How is cervical cancer diagnosed?

The earlier cervical cancer is diagnosed the more successfully it can be treated.
  • Cervical screening - LBC or Pap smear test

    In the USA over 11,000 women are diagnosed with invasive cervical cancer each year and about 4,000 die of it. The majority of these deaths could be prevented if all women had undergone cervical screening. US authorities say a female should start screening at the age of 21, or within three years of her first sexual encounter - whichever occurs first.

    The test looks for abnormal changes in the cells of the cervix. If left untreated some abnormal cells can eventually develop into cancer. Cervical screening does not detect cancer.

    Cervical screening used to be the old pap smear test - which is still used in many parts of the world. More recently, testing using LBC (liquid based cytology) has become more commonplace. A sample of cells is taken from the cervix. The doctor or nurse inserts a speculum - an instrument used to widen the opening of the vagina so that the cervix is more easily visible - and uses a spatula which is brushed around the cervix. The procedure is just mildly uncomfortable for the majority of women. If abnormal cells are there, there is a good chance they will be detected, but not not always.

      What is LBC (liquid based cytology)?

      Cytology is the medical and scientific study of cells - diagnosing diseases and conditions by examining tissue samples (cell samples) from the body. With liquid based cytology the sample is collected in much the same way as a conventional smear.

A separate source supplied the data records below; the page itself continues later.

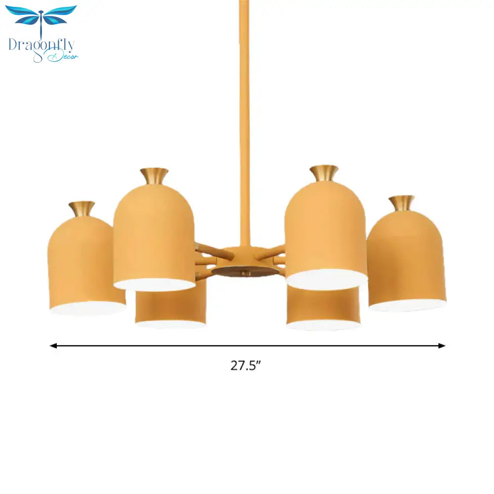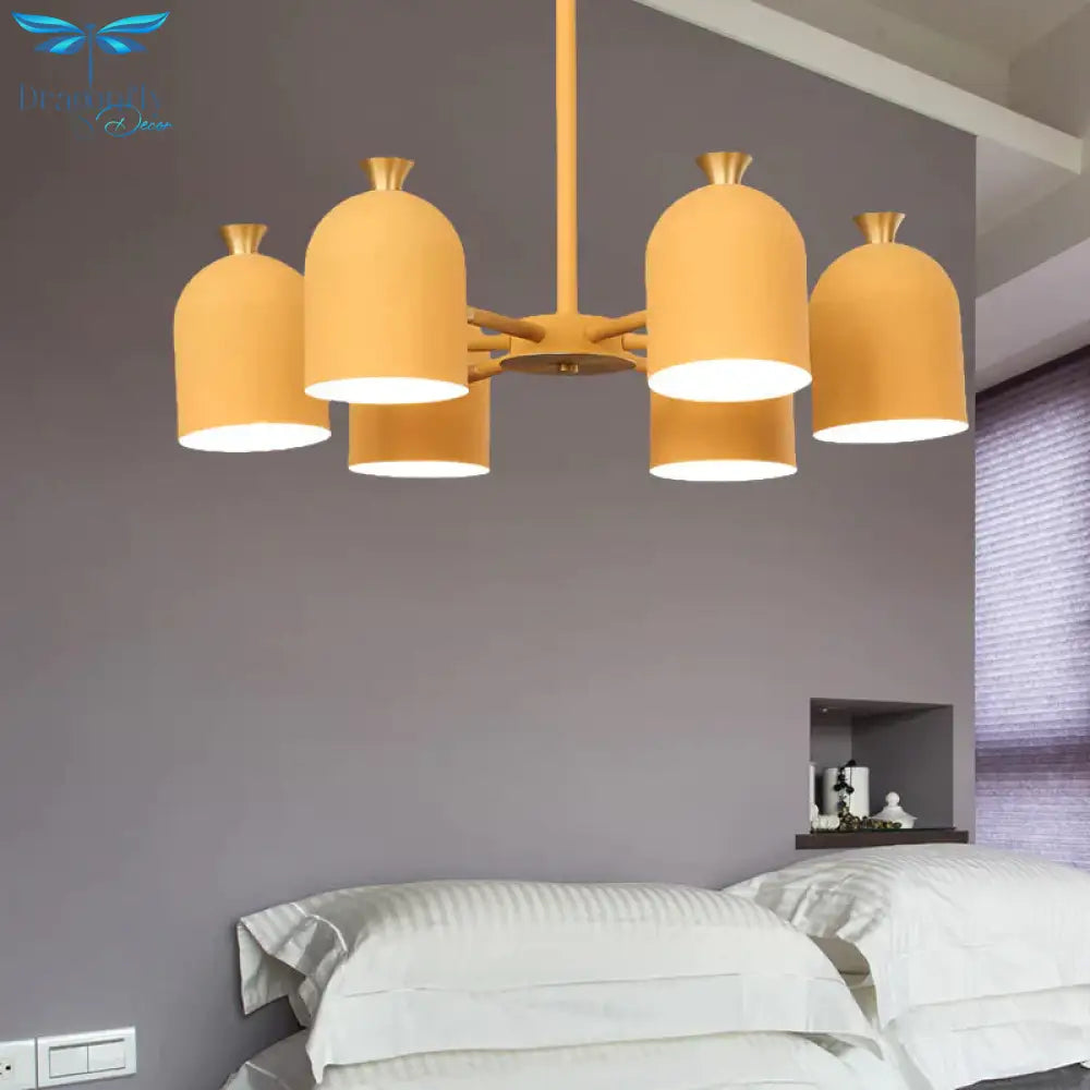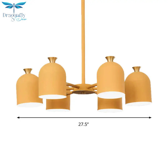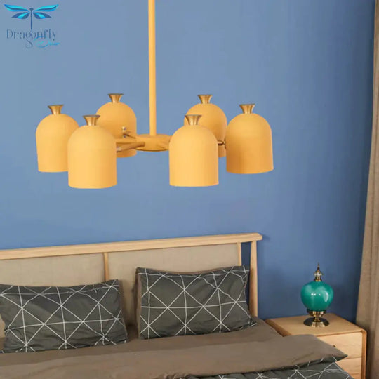 Kids Cup Shade Hanging Light Metal Six Lights Yellow Chandelier for Adult Bedroom
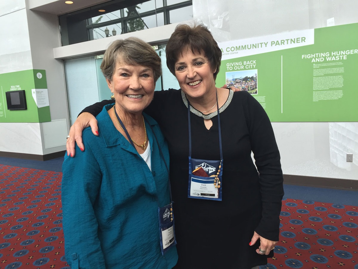 Thompson of the South Carolina Conference arrived at the airport very late at night and rode the MAX light rail to her hotel. En route, she had the chance to introduce herself to fellow lay delegate Dixie Brewster of Milton, Kansas, in the Great Plains Annual Conference, who also had a reservation at Thompson’s hotel.
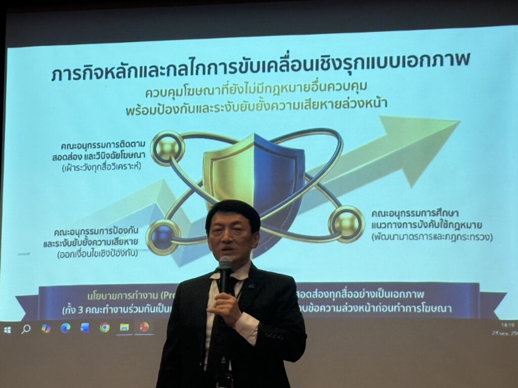 เมื่อวันที่ ๒๔ เมษายน ๒๕๖๙ เวลา ๑๔.๐๐ น ณ. สโมสรทหารบก ถนนวิภาวดีรังสิต กรุงเทพกรุงเทพมหานคร สำนักงานคณะกรรมการคุ้มครองผู้บริโภค (สคบ.) ได้จัดการอบรมหลักสูตร “ นักบริหารด้านกฎหมายคุ้มครองผู้บริโภค ” โดยมีวัตถุประสงค์เพื่อให้ทุกภาคส่วนมีความเข้าใจกฎหมายเกี่ยวกับการคุ้มครองผู้บริโภค กลไกการคุ้มครองผู้บริโภค และกฎหมายอื่นที่เกี่ยวข้องกับการคุ้มครองผู้บริโภคตลอดจนสร้างความตระหนักให้แก่ผู้ประกอบธุรกิจในการปฏิบัติตามกฏหมายเกี่ยวกับการคุ้มครอง ผู้บริโภค ในการนี้ สคบ. ได้เชิญ นายวรเทพ สกุลพิชัยรัตน์ อัยการพิเศษฝ่ายชี้ขาดคดีอัยการสูงสุด ๑. ในฐานะ ประธานกรรมการว่าด้วยโฆษณา สำนักงานคณะกรรมการคุ้มครองผู้บริโภค (สคบ) บรรยายในหัวข้อ “ บทบาท หน้าที่ และกลไกการดำเนินงานคุ้มครองผู้บริโภคด้านโฆษณา ” โดยได้รับความสนใจจาก ผู้เข้ารับการอบรมซักถามปัญหาข้อกฎหมาย เกี่ยวกับการคุ้มครองผู้บริโภคด้านโฆษณา เป็นจำนวนมาก นายวรเทพ ฯ กล่าวว่า การอบรมครั้งนี้จะเป็นประโยชน์แก่ ผู้ประกอบธุรกิจในการปฏิบัติ ให้ถูกต้อง ตามกฎหมายคุ้มครองผู้บริโภคด้านโฆษณา และจะเป็นประโยชน์ แก่ผู้บริโภคที่จะได้รับการคุ้มครอง ไม่ ต้องตกเป็นเหยื่อหลงเชื่อโฆษณาที่ใช้ข้อความที่ไม่เป็นธรรม และก่อให้เกิดความเสียหายแก่ผู่บริโภค
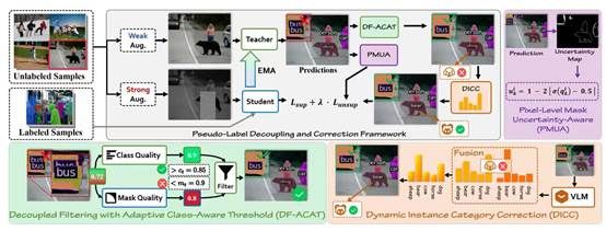 半监督实例分割(SSIS)旨在利用有限的标注数据与大规模未标注数据实现实例级预测,但其性能高度依赖伪标签质量。现有方法通常将类别置信度与掩码质量耦合为单一分数进行过滤,容易造成语义准确性与空间精度之间的冲突,从而引入噪声伪标签并限制模型上限。
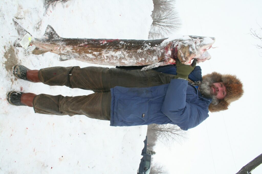 8:35 a.m.: John Jenkins, Bill’s son and veteran spearer, just showed up. He has many sturgeons under his belt. He wants this reporter to get one too. I don’t know why but year after year after year after year after year John wears the same look of pity around me. He gives me his secret weapon decoy. It’s a…and please keep this quiet so everyone’s not utilizing it….a plastic pail. I thank John profusely as the pail is lowered to hang next to the white pipe. John tells me that Paul Wargowsky is on his first sturgeon hunt, his shack just 100 yards from mine. Old Paul (who’s actually is only about 30) flipped back the lid this morning and there was a 58-inch sturgeon. Just three minutes into his first season, and his tag is filled. I tell John to congratulate good old Paul Wargowski of Whitewater for me. Although I don’t know him.
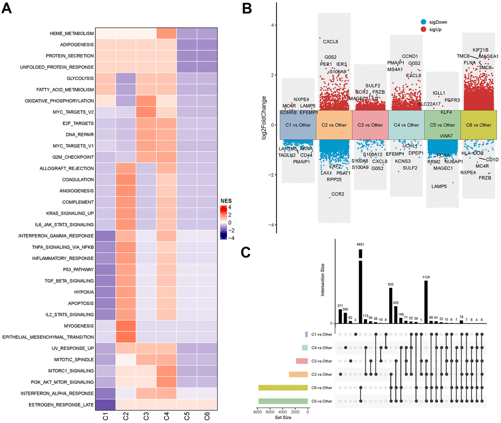 (Figure 3A). In addition, we further identified DEGs by comparing each subtype against other subtypes (e.g., C1 vs. all others, C2 vs. all others, etc.) using the ‘limma’ package under the criteria of FDR < 0.05 and |log2FC| > log2(1.5) (Figure 3B). Moreover, analysis on the distribution of DEGs across these molecular subtypes showed that only eight genes were consistently differentially expressed in all the subtype comparisons (C1 vs. others, C2 vs. others, C3 vs. others, C4 vs. others, C5 vs. others, and C6 vs. others) (Figure 3C). Collectively, these findings indicated that different subtypes of MM were characterized by specific genomic and molecular features, which were closely correlated with MM prognosis.
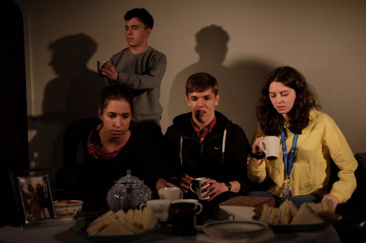 In this sense, the play was complete success. The incredible acting and well-timed physical comedy kept the audience constantly laughing and, as I mentioned, the setting was intimate in a way that worked well with the play’s theme. Every character was well-formed by the actor meaning that the confusion intentionally caused by the swapping of partners between scenes was not so bewildering that we lost the plot of the play. Each sister dates (or is married to) a different one of the three male characters in each scene; it was complicated, but shows how well-rehearsed the cast was so that these changes were fluid enough to make sense. Furthermore, it demonstrated the play’s point: the confusion and ultimate futility of trying to comprehend what family means or looks like.
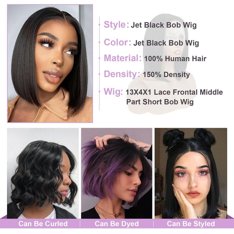 Bob Wig Human Hair Black Bob Wig 13x4 Front Lace Wig 12 Inch Middle Part Short Straight Bob Wig for your quick hairstyles.

However, instead of smearing the sample onto a microscope slide, the head of the brush where the sample cells are caught is broken off and placed in a small glass vial which contains preservative fluid - sometimes it can be rinsed directly into the preservative fluid. In the laboratory it is spun and treated to remove mucus, pus and other materials. A random sample of the remaining cells is taken. A thin layer of the cells is placed on a microscope slide and examined.
    The test is not designed for diagnosing cancer. It is designed to check the health of the cervix and to detect early changes in the cells, which could develop into cancer in the future.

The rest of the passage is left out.